Information given
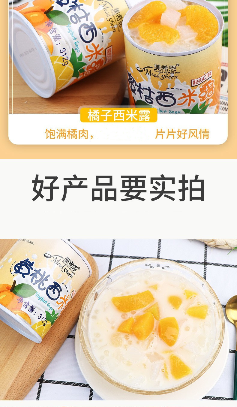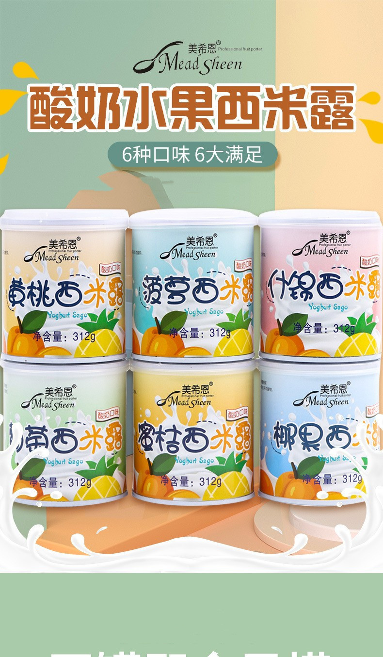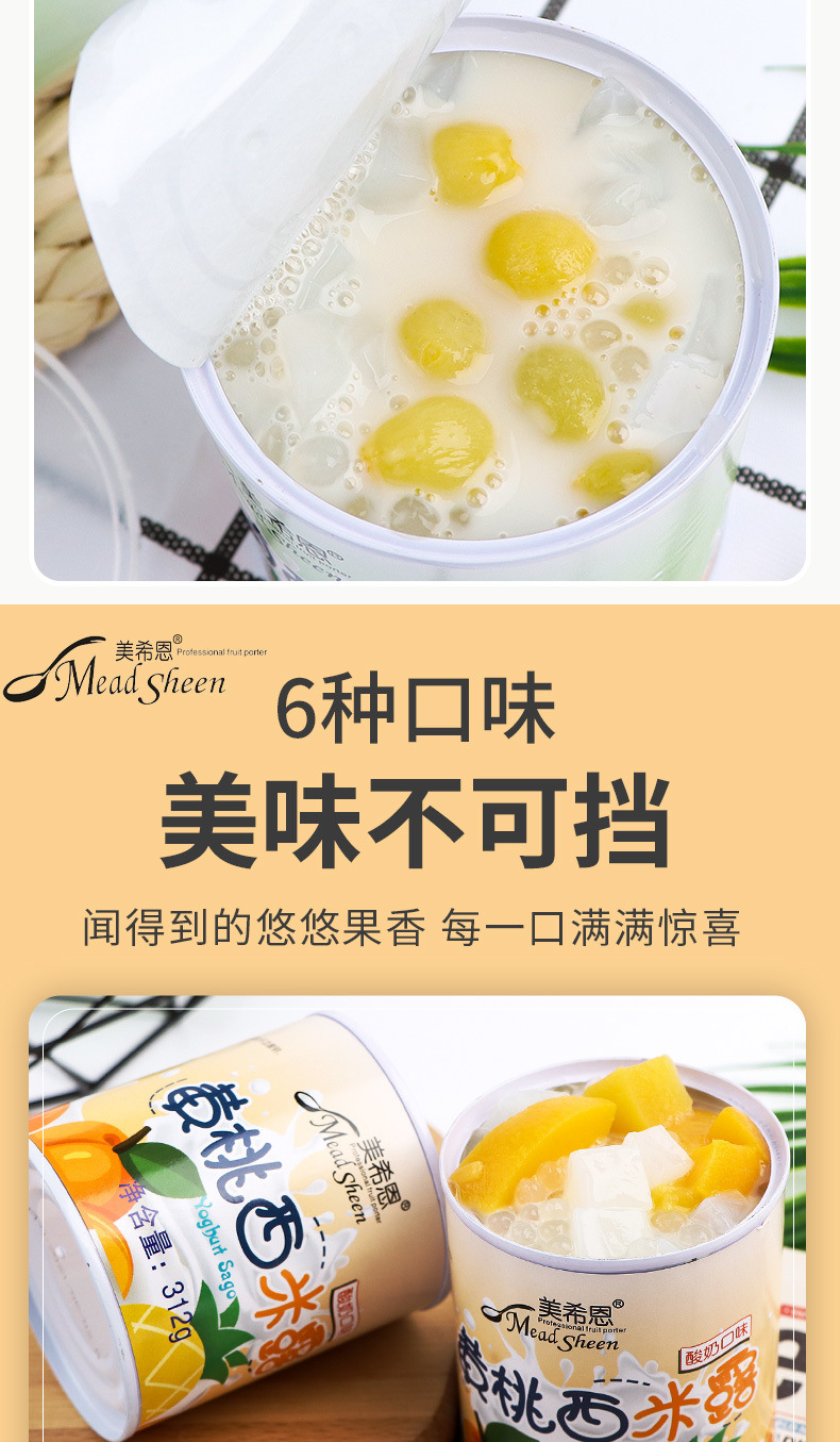 美希恩酸奶西米露罐头水果椰果什锦黄桃罐头混装休闲食品整箱批发
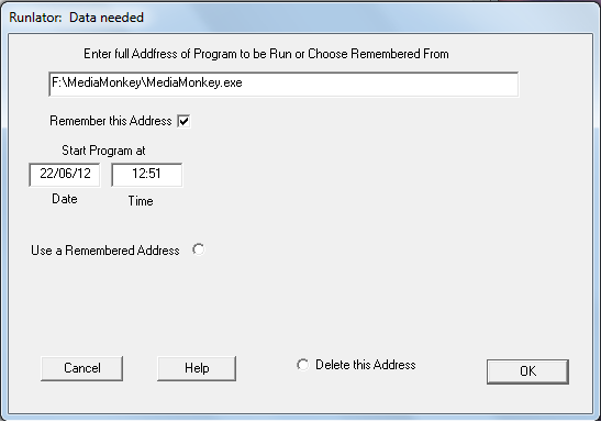 After you launch the program a window pops up where it asks you to enter a few details of the program you wish to launch at a specific time. The top bar has the option to paste the address of the program which you wish to run. Below it you have the option to set the date and time when you wish this program to start on its own. Then ‘’Use a Remembered address” presents you with the option of the already scheduled programs which you may have done before. And finally you just need to click on the ‘’Ok’’ button at the bottom to set the program to be run.
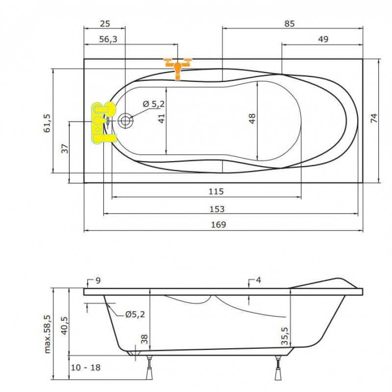 - Pre odoslanie na Slovensko navštívte TEIKO Vaňa Canaria obdĺžniková 170 x 85 cm - HTP systém ECO HYDRO V212170N04T02211
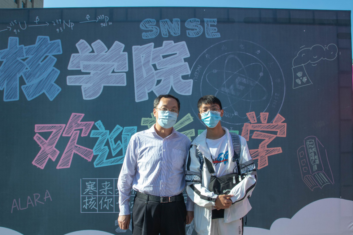 迎新过程中,杨勇平董事长和孙忠权副董事长也来到公司新生报到现场视察工作,亲切地问候现场工作的师生,并与学院新生合影。
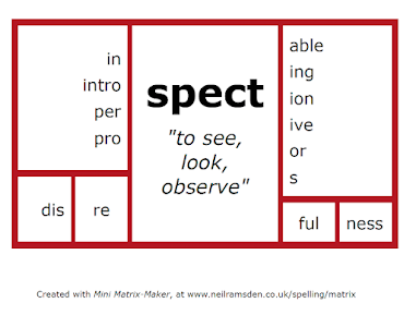 Teaching morphology using Structured Word Inquiry and word sums was a natural addition. The mini-matrix above uses the base element spect - "to see, look, observe." I created it using Neil Ramsden's Mini Matrix-Maker, found at https://www.neilramsden.co.uk/spelling/matrix/. It is fun to note that my decodable book Gods and Gifts, Three Greek Myths Retold is based on Greek Mythology, so exploring Latin and Greek influences was a fun addition.
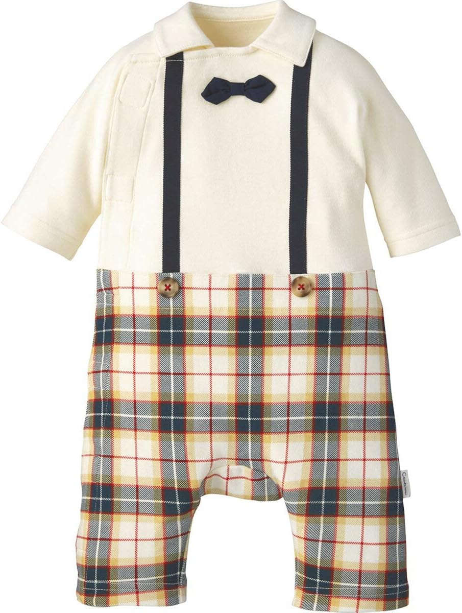 襟つきシャツに蝶ネクタイとチェックのサスペンダーパンツをあわせたトラッドな装いができます。綿100%のスムース生地で、3シーズン着用できるのも魅力です。赤ちゃんを連れて挨拶するときなど、おでかけのときに着せたくなるドレッシーなデザインになっています。
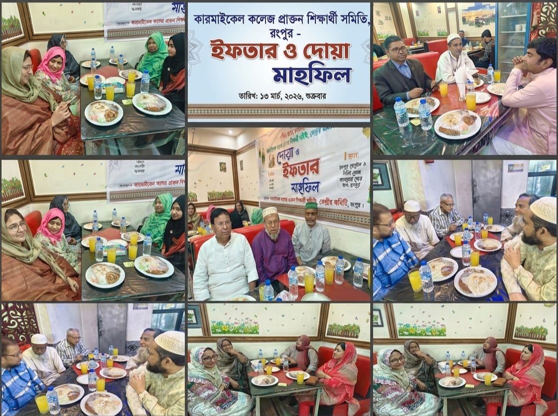 রংপুরের ঐতিহ্যবাহী কারমাইকেল কলেজের প্রাক্তন শিক্ষার্থীদের সংগঠন ‘কারমাইকেল কলেজ প্রাক্তন শিক্ষার্থী সমিতি, রংপুর’-এর উদ্যোগে এক ইফতার ও দোয়া মাহফিল অনুষ্ঠিত হয়েছে। শুক্রবার (১৩ মার্চ) নগরীর বাংলাদেশ ব্যাংক মোড়ে অবস্থিত রংপুর হোটেল ও মিষ্টি মেলায় এই আয়োজন সম্পন্ন হয়।
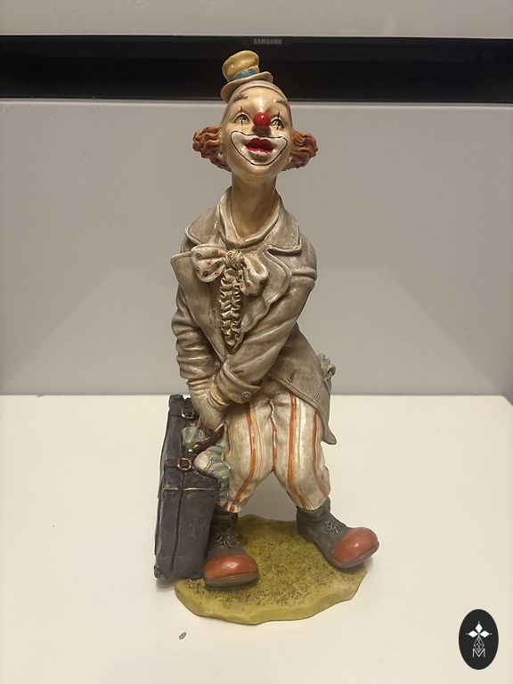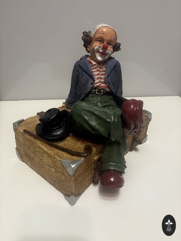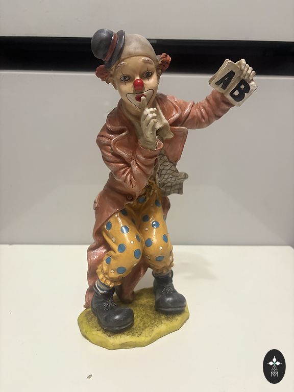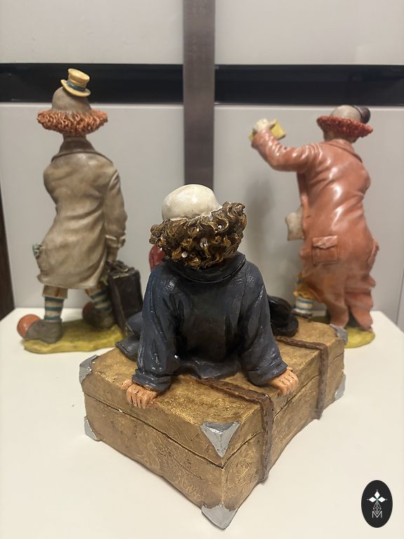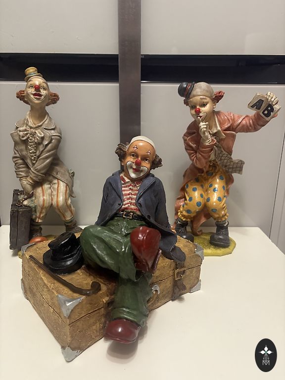 3 kvaliteetse klounifiguuri komplekt. Materjal – polüresiin (kunstkivi/vaik). Iga figuur on hoolikalt töödeldud ja käsitsi kaunilt maalitud. Kõrgus ~26-29cm. Seisukord suurepärane, ilma pragudeta ja kahjustusteta.

Work item
All that is wanted is each line, word for word, from the first line of the data to the one holding "迎新过程中,杨勇平董事长和孙", with the pictures left out.

Task solution
 美希恩酸奶西米露罐头水果椰果什锦黄桃罐头混装休闲食品整箱批发
 After you launch the program a window pops up where it asks you to enter a few details of the program you wish to launch at a specific time. The top bar has the option to paste the address of the program which you wish to run. Below it you have the option to set the date and time when you wish this program to start on its own. Then ‘’Use a Remembered address” presents you with the option of the already scheduled programs which you may have done before. And finally you just need to click on the ‘’Ok’’ button at the bottom to set the program to be run.
 - Pre odoslanie na Slovensko navštívte TEIKO Vaňa Canaria obdĺžniková 170 x 85 cm - HTP systém ECO HYDRO V212170N04T02211
 迎新过程中,杨勇平董事长和孙忠权副董事长也来到公司新生报到现场视察工作,亲切地问候现场工作的师生,并与学院新生合影。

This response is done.